“Listen to me….”

By Su Chard
MSc student and Independent celebrant.

Two events over the summer have given me much food for thought. They were the death of a friend and being part of a funding application for a project helping people to tell their stories so that they weren’t defined, at their funerals, by their dementia.

Both experiences re-enforced for me that empowering people means we have to listen. Of course that is a given but we have to listen out for what is not being said, too and to ask why.

My friend was 94. She had been planning her death for about 20 years. Those that were close to her were drilled in the final plan regularly. She had made being bossy an art form.

My role was to be vigilant. If her curtains weren’t open by 11 each morning I had to let myself in and make sure she wasn’t dead. I was regularly put through my paces so she was sure I knew what I had to do the day the curtains remained closed.

Her desire was to die “conveniently (meaning very soon), cleanly and in her bed.”

In June she was told she had about a month to live. The three of us on the

“Death task force” were set to work following her instructions that now, after all our rehearsals, changed constantly.

The list was:

Get her discharged from hospital….check.

Get her a room with a view….check.

Tell everyone she wanted to die alone and didn’t want visitors…ah!

We did as we were instructed, people told us they understood completely but still continued to visit because obviously we didn’t mean them.

We tried to be subtle, we tried Quaker plain speaking, I was bloody rude once and still they came, as did the cards and the flowers. I even took flowers, I had to, she had had my first bunch of sweet peas for the past 10 years why would I stop now… Surely she didn’t mean me?

Although a widow and without children she had a large network of people in our Quaker community who loved her. She said she never felt lonely.  But what became very clear to the three of us in her last two weeks was that she wanted this last challenge all to herself.  She even struggled with the intrusion of palliative care visits but put up with them as she saw their only role as hastening her death.

Eventually she dug deep for one last “bossy” moment.  She sent her first and last email,

Friends – thank you all for all the love and affection, comradeship and patience and understanding and so much else you have given me over the last 30 years or so. I hope there may be at least a week or two left which will give me time to get in touch with many of you, but I will need time to myself as well.”

But still they came not seeing the code in the message that she would do the contacting and so we had to send another email

W has asked me to convey that she knows that she is loved.  Two weeks on from her message, she has reached a place where our phone calls, cards, photographs and visits are having the effect of preventing her from feeling able to let go. She asks us now to hear her need for stillness.

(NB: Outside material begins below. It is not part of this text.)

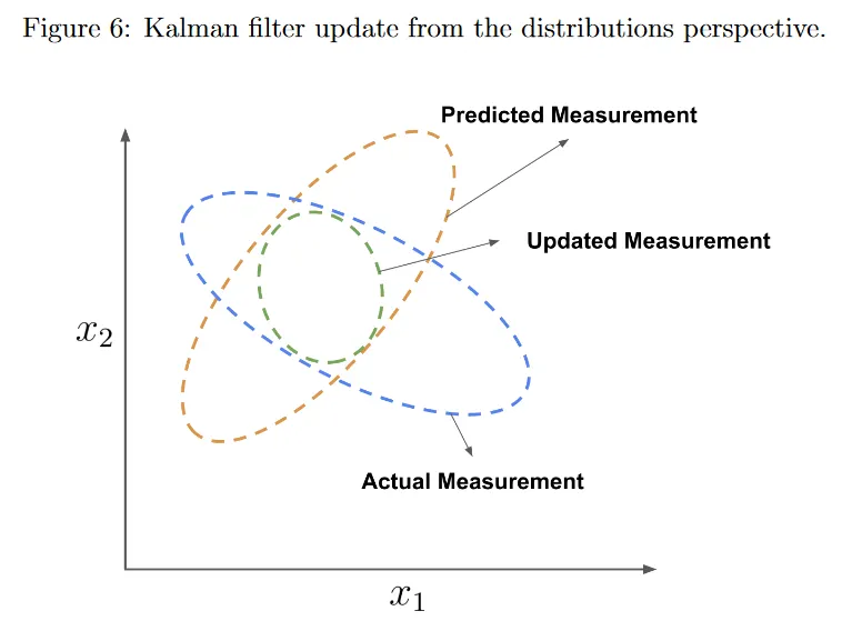 그림 6에서 축은 상태의 컴포넌트이다. 우리는 top-down으로 분포를 본다. 오렌지색 타원은 으로 주어지는 예측된 측정에 대한 분포를 나타낸다. 파란색 타원은 로 주어지는 실제 측정에 대한 분포를 나타낸다. Kalman filter는 이 분포 모두를 곱하여 두 분포 모두에서 가 가장 가능성 있는 겹치는 region을 찾는다(을 떠올려라). 이것은 업데이트된 분포가 되며, 녹색 타원으로 표시되는 로 주어지는 또 다른 가우시안이다. 겹치는 부분을 취하기 때문에 업데이트된 분포가 두 부모 분포와 비교하여 더 작다는 것에 유의하라. 예측 단계에서는 공분산(불확실성)이 증가하지만, 업데이트 단계에서는 새로운 측정 를 사용하여 공분산을 감소시킨다. 따라서 공분산은 예측과 업데이트 단계 후에 증가와 감소를 반복한다. 전체적으로 공분산은 수렴할 때까지 감소한다.

The visits just kept proving she was loved and she wanted to stop having to reciprocate that love.

She died alone in a white, card and flower free room looking at a very English landscape eventually, getting her own way.  She asked for this in so many ways and we heard but took a long time to listen.

As this story was unfolding I was also working on a funding bid. The funders wanted everything in the project to be about the true voice of people with dementia, not their family or carers voices but “the voices of the dementing”, their words not mine.  They wanted it to be “ real” and  authentic”. They wanted to give a voice to the unheard “dementia community.”  I found myself confused and angered by their needs for this project.

As a celebrant with every funeral I write and deliver I hear of people who have lived their lives with no opportunity to be heard or have their say let alone to be listened to. They have not passed stories on to their children or even partners, sometimes.  The historical context of being born in the 20s means that most of society was not asked for their opinions very often. We, on the other hand, expect to be heard, to have our say, to tweet and blog and vote and wear our hearts on our sleeves and we are the ones with the expectations for choices about our deaths.

So as we all look at how we offer these choices and I believe, of course, that we should, I hope we can remember that my friend was a strong, very bossy, intelligent woman who had found paths to opportunity. She had the skills to find a way to be heard but my working life offers me contact with many people who don’t plan because no one listened before and are confused as to why we should start doing so now. They weren’t offered the skills needed for getting your own way. They truly mean it when they say; they want to go as they have lived their lives, without a fuss.  We want more for them.  But finding out what the more is comes from quality listening and considering their silences too.

A 98 year old widow said to me recently,

“They were lovely at the hospice but they kept asking us questions we didn’t know the answers to. He was there to die we had expected them to know what that meant and how it should happen.”